WHAT YOU SHOULD DO
Print out the data precisely as it appears here, with no pictures.

EXCERPTED RECORDS
==================================================

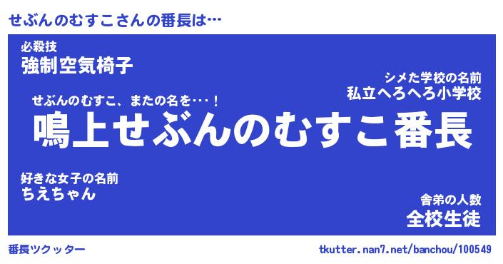 | 伝説のあだ名 | 『封印されしスナイパーせぶんのむすこ』 |
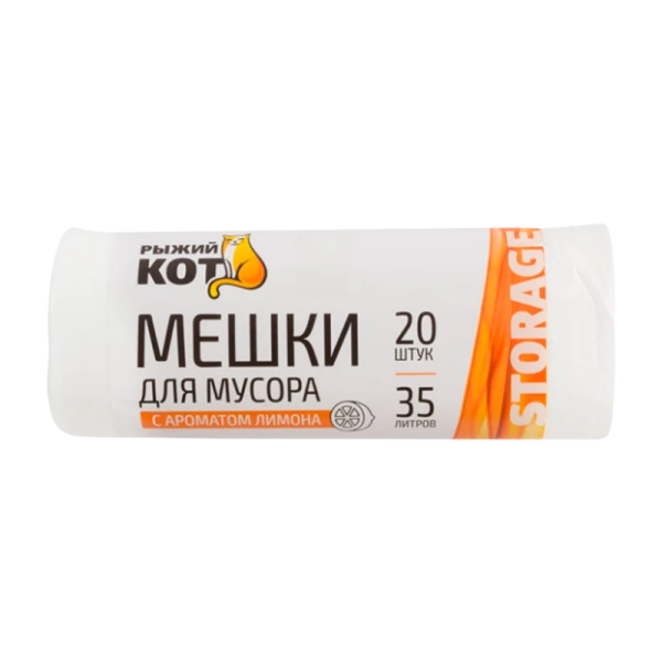 Мешки для мусора Рыжий кот 35л 10мкм ПНД 20шт. с ароматом лимона белый (1/50)
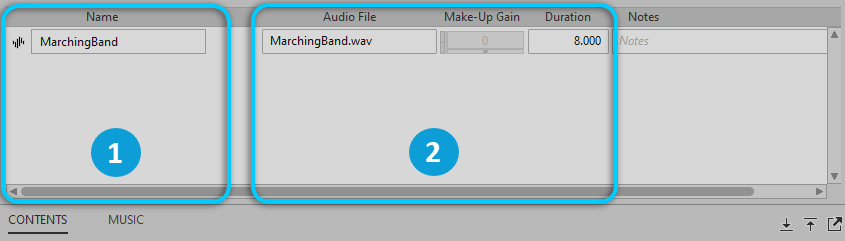 When you load a Music Track into the Property Editor, its source is displayed in the Contents Editor. Its properties are displayed, but only its notes can be edited here.
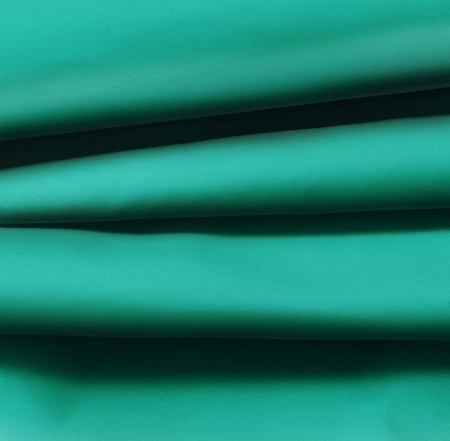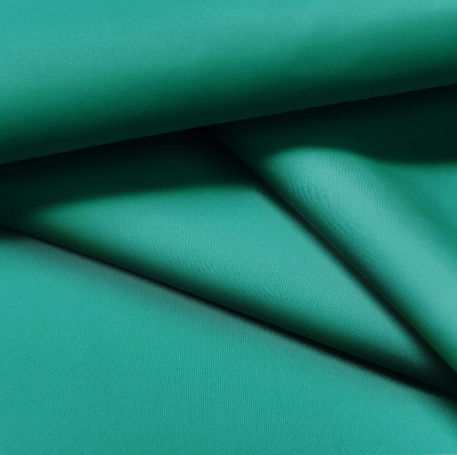 La tela base es la Tela Fina Repelente al Agua - Storm, un tejido técnico de composición 100% poliéster, con un gramaje de 70 gr/m2 y un ancho de 145 cm. El color liso impreso es un tono de verde menta oscuro, representado por un CMYK de 83 21 60 5 y tintas de cian, magenta, amarillo y negro. Este color evoca la frescura y tranquilidad de la naturaleza, con una tonalidad suave pero impactante. Combina especialmente bien con tonos marrones, beige y blanco.
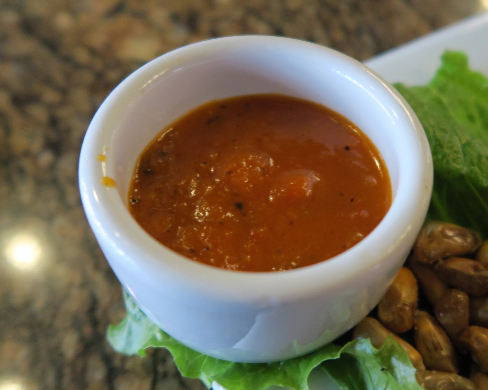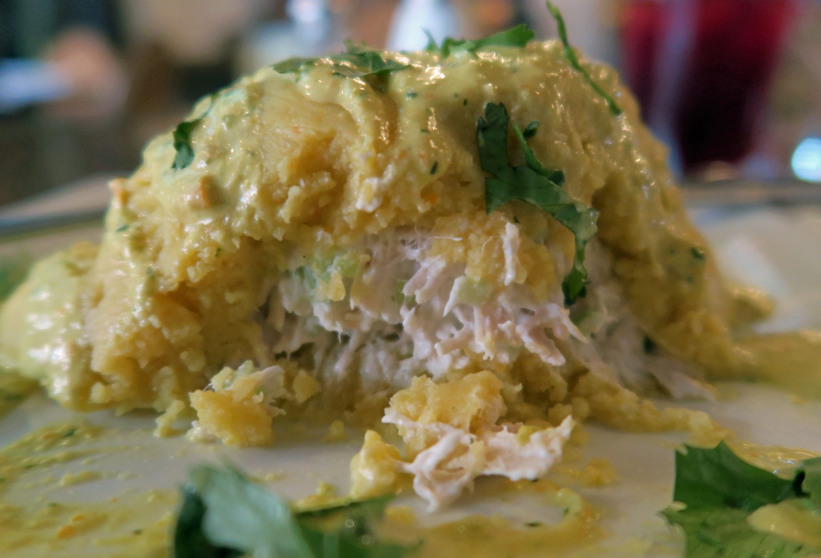 The sauce again had a good amount of spice. It was a bit too cold, the potatoes were on the mealy side. I like the potatoes in my causa to be moist and slightly creamy, this more mealy. The chicken filling had enough celery, but way too much mayonnaise for my taste. Lots of chicken though. Not my favorite version…..though it was quite hefty.
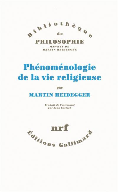 Sous le titre Phénoménologie de la vie religieuse, choisi par Heidegger lui-même pour remplacer le titre Phénoménologie de la conscience religieuse, l'ouvrage regroupe trois séries de textes : le cours "Introduction à la phénoménologie de la religion" professé durant le semestre d'hiver 1920-1921 à l'université de Fribourg-en-Brisgau et centré sur les épîtres de saint Paul ; le cours "Augustin et le néoplatonisme", professé pendant le semestre d'été 1921 ; un cours sur la mystique médiévale annoncé pour le semestre d'hiver 1919-1920, mais qui ne fut pas donné. Une phrase résume l'esprit dans lequel est conduite cette exploration : "L'autonomie du vécu religieux et de son monde doit être envisagée comme une intentionnalité absolument originaire, comportant un caractère d'exigence absolument originaire ; tout aussi originaire est sa teneur mondaine et axiologique spécifique." Ces textes très riches ne montrent pas seulement comment Heidegger a investi, en quelque sorte en "chargé de mission" de Husserl, le chantier de la philosophie de la religion qui, à l'époque, était une discipline en plein essor, en se servant des concepts centraux de la phénoménologie husserlienne. Il représente en même temps un jalon capital dans le développement d'une idée nouvelle de la phénoménologie que désigne le terme d'herméneutique de la vie facticielle.
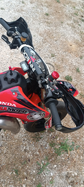 Vendo CR 85 portato a 105. Testa VM nuova appena montata, con kit guarnizioni nuovo, revisionato pompa acqua, kit guarnizioni carter cambio, pistone Vertex 3 ore, pinza freno Stage 6, lana di roccia del terminale sostituita, cilindro appena lucidato, candela nuova pompa freno posteriore a pollice con olio appena sostituito, olio cambio nuovo, gomme 80% montate a inizio stagione. Tutto dimostrabile con foto.

==================================================

FINISHED EXERCISE
 | 伝説のあだ名 | 『封印されしスナイパーせぶんのむすこ』 |
 Мешки для мусора Рыжий кот 35л 10мкм ПНД 20шт. с ароматом лимона белый (1/50)
 When you load a Music Track into the Property Editor, its source is displayed in the Contents Editor. Its properties are displayed, but only its notes can be edited here.
 La tela base es la Tela Fina Repelente al Agua - Storm, un tejido técnico de composición 100% poliéster, con un gramaje de 70 gr/m2 y un ancho de 145 cm. El color liso impreso es un tono de verde menta oscuro, representado por un CMYK de 83 21 60 5 y tintas de cian, magenta, amarillo y negro. Este color evoca la frescura y tranquilidad de la naturaleza, con una tonalidad suave pero impactante. Combina especialmente bien con tonos marrones, beige y blanco.
 The sauce again had a good amount of spice. It was a bit too cold, the potatoes were on the mealy side. I like the potatoes in my causa to be moist and slightly creamy, this more mealy. The chicken filling had enough celery, but way too much mayonnaise for my taste. Lots of chicken though. Not my favorite version…..though it was quite hefty.
 Sous le titre Phénoménologie de la vie religieuse, choisi par Heidegger lui-même pour remplacer le titre Phénoménologie de la conscience religieuse, l'ouvrage regroupe trois séries de textes : le cours "Introduction à la phénoménologie de la religion" professé durant le semestre d'hiver 1920-1921 à l'université de Fribourg-en-Brisgau et centré sur les épîtres de saint Paul ; le cours "Augustin et le néoplatonisme", professé pendant le semestre d'été 1921 ; un cours sur la mystique médiévale annoncé pour le semestre d'hiver 1919-1920, mais qui ne fut pas donné. Une phrase résume l'esprit dans lequel est conduite cette exploration : "L'autonomie du vécu religieux et de son monde doit être envisagée comme une intentionnalité absolument originaire, comportant un caractère d'exigence absolument originaire ; tout aussi originaire est sa teneur mondaine et axiologique spécifique." Ces textes très riches ne montrent pas seulement comment Heidegger a investi, en quelque sorte en "chargé de mission" de Husserl, le chantier de la philosophie de la religion qui, à l'époque, était une discipline en plein essor, en se servant des concepts centraux de la phénoménologie husserlienne. Il représente en même temps un jalon capital dans le développement d'une idée nouvelle de la phénoménologie que désigne le terme d'herméneutique de la vie facticielle.
 Vendo CR 85 portato a 105. Testa VM nuova appena montata, con kit guarnizioni nuovo, revisionato pompa acqua, kit guarnizioni carter cambio, pistone Vertex 3 ore, pinza freno Stage 6, lana di roccia del terminale sostituita, cilindro appena lucidato, candela nuova pompa freno posteriore a pollice con olio appena sostituito, olio cambio nuovo, gomme 80% montate a inizio stagione. Tutto dimostrabile con foto.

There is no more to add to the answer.